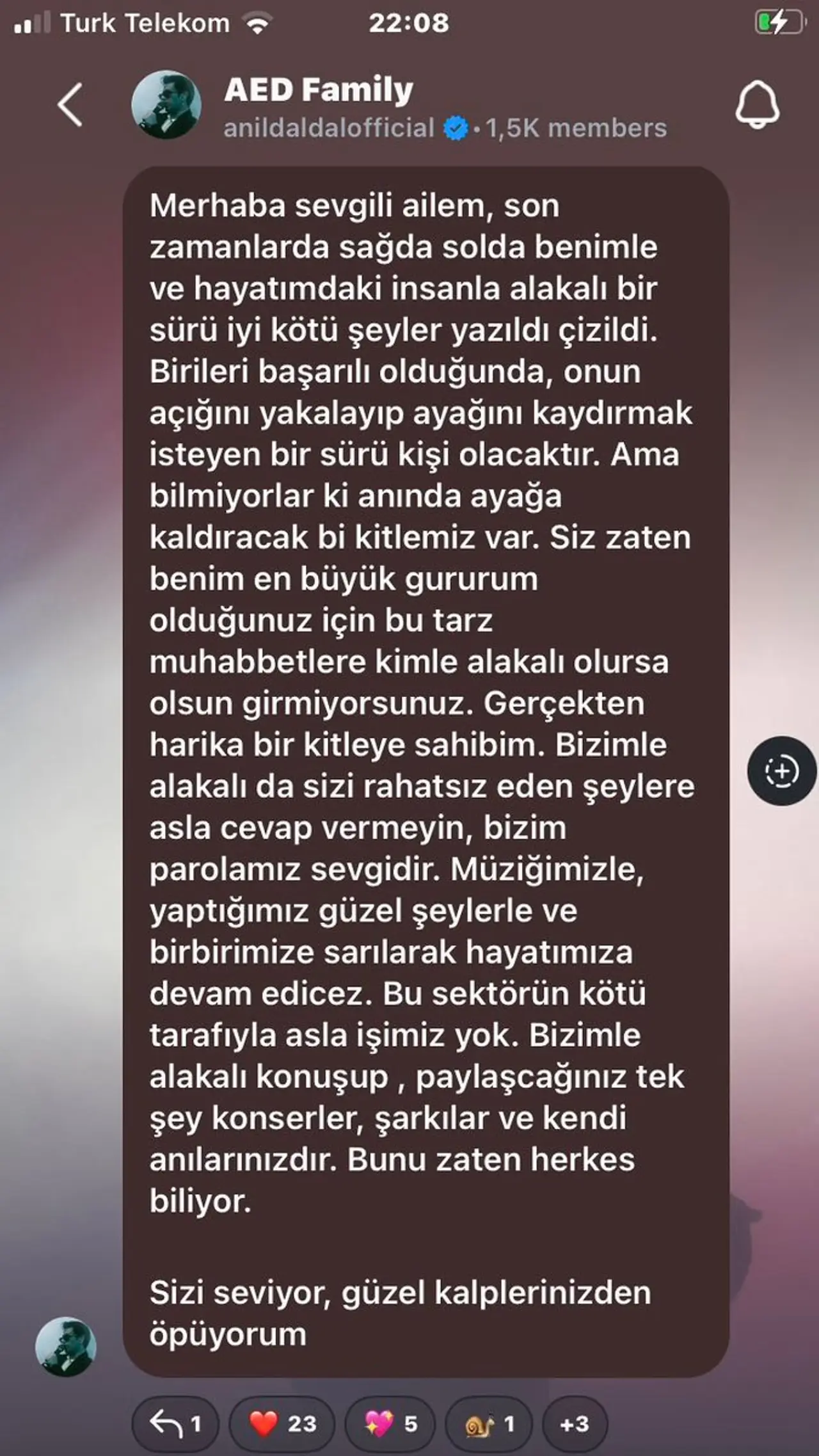 Anıl, hayranlarına da seslenerek şu cümleleri kurdu:
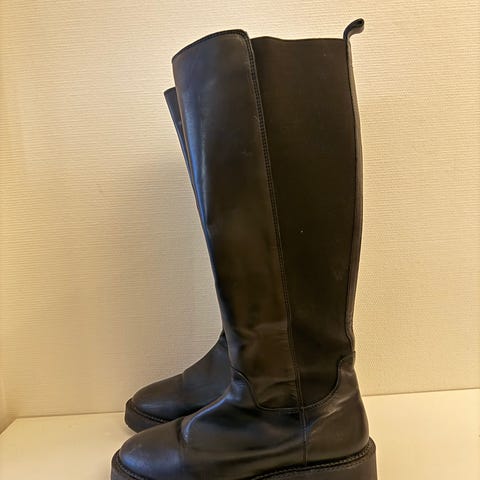 Støvletter i sort skinn fra Ellos. Hæl ca 5.5 cm
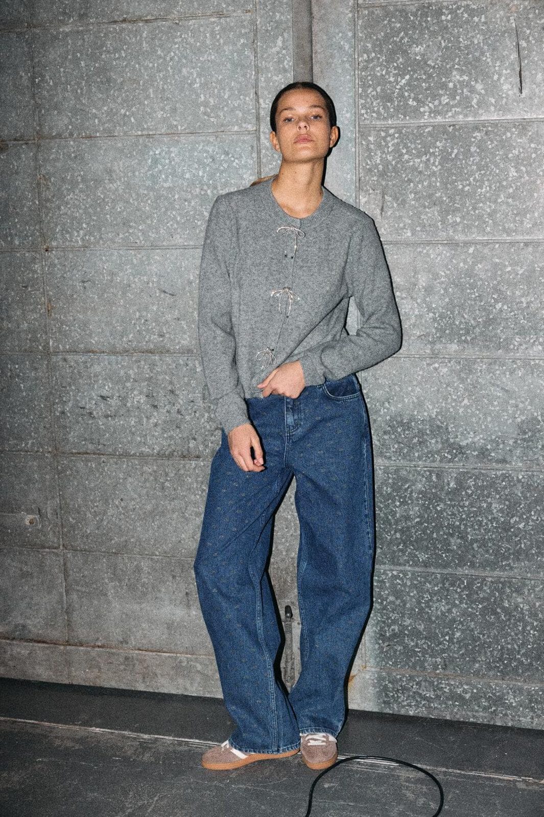Noisy May Nmbrayana L/S Bow Trim Knit Cardigan Farge: 4903272 Ultimate Grey Sequin Bow
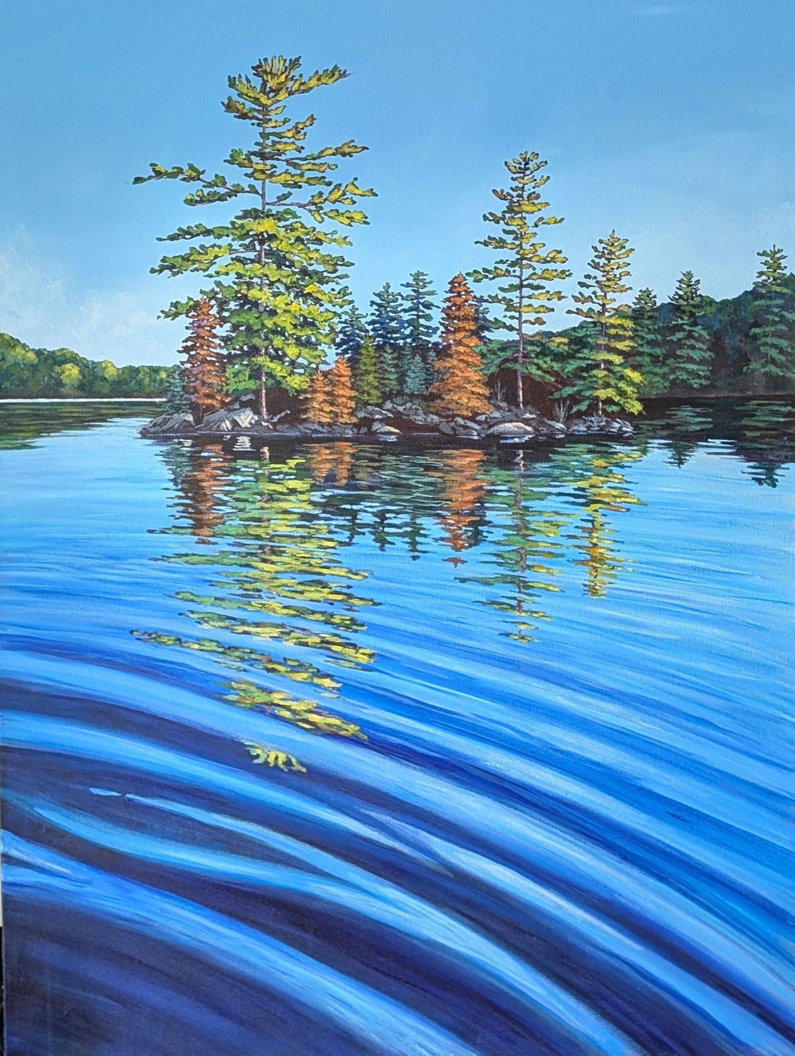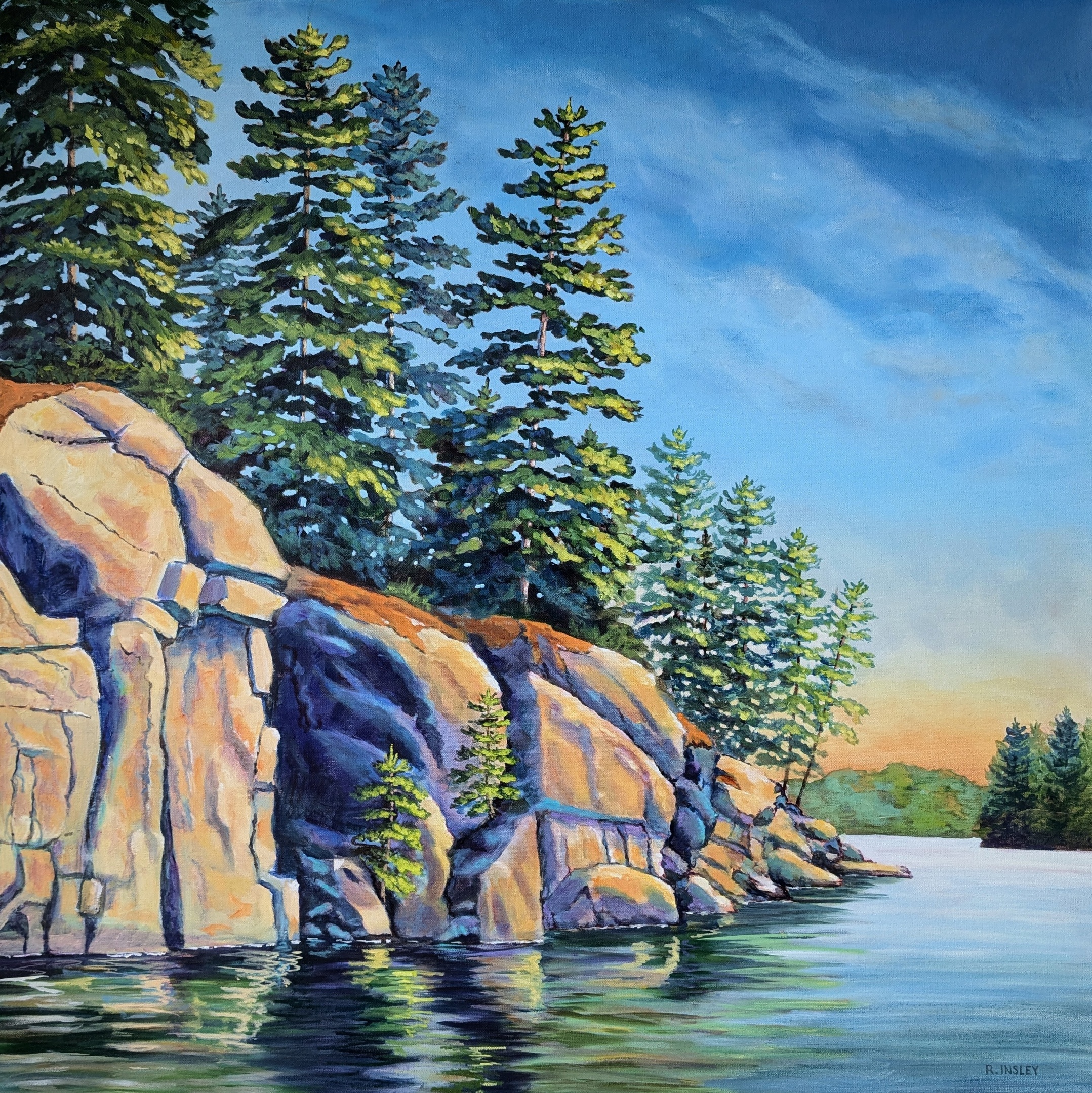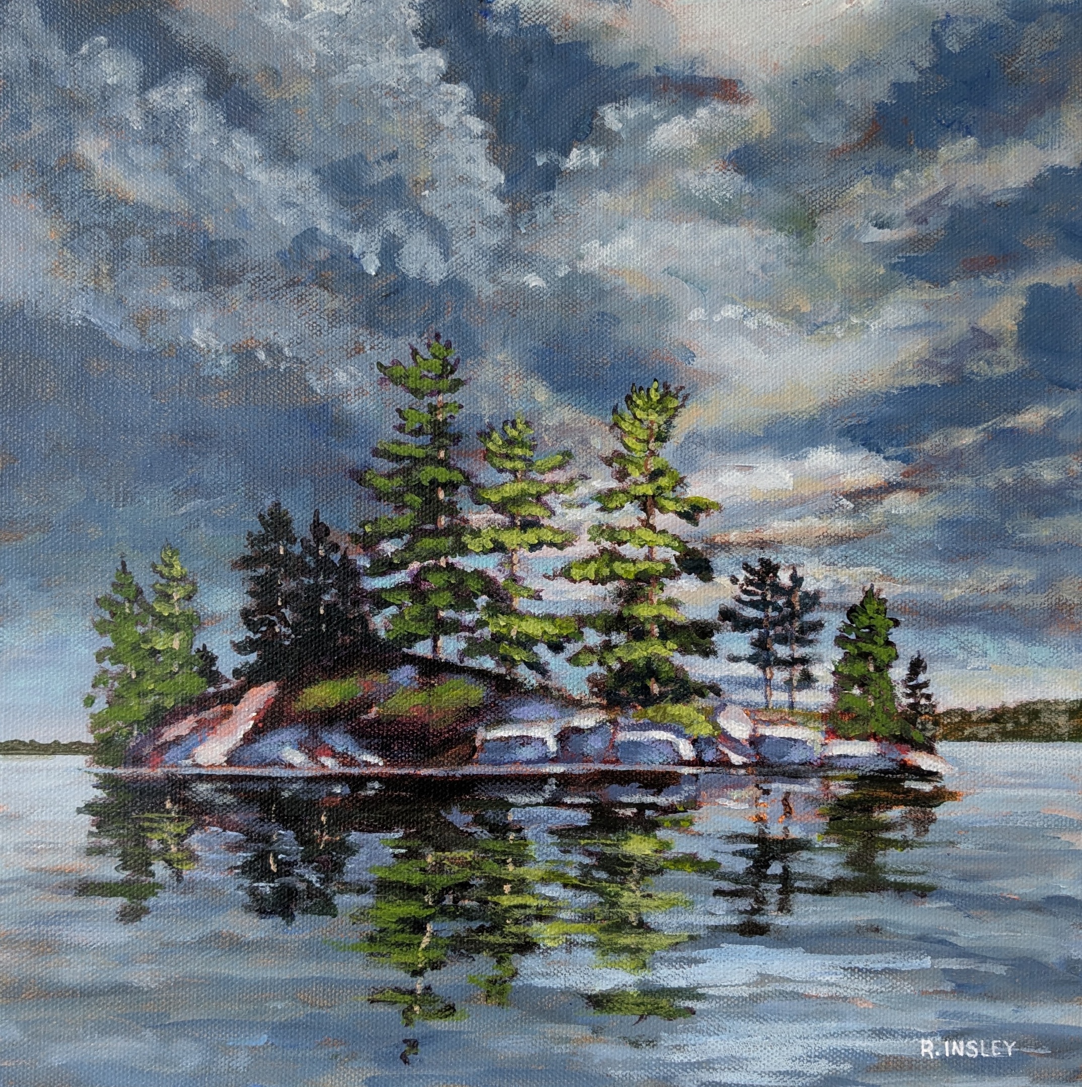 Black Spruce say Algonquin to me. Here they are in a stand with a couple of fine Pine specimens, surrounded by calm marsh waters dotted with lily pads. If I listen carefully, I can almost hear the Bull Frogs

== == ==

What the exercise asks:
Restate word for word the lines from the one containing "Noisy May Nmbrayana" through the end of the material above, both included, and nothing besides; drop the pictures.

Output for this task:
Noisy May Nmbrayana L/S Bow Trim Knit Cardigan Farge: 4903272 Ultimate Grey Sequin Bow
 Black Spruce say Algonquin to me. Here they are in a stand with a couple of fine Pine specimens, surrounded by calm marsh waters dotted with lily pads. If I listen carefully, I can almost hear the Bull Frogs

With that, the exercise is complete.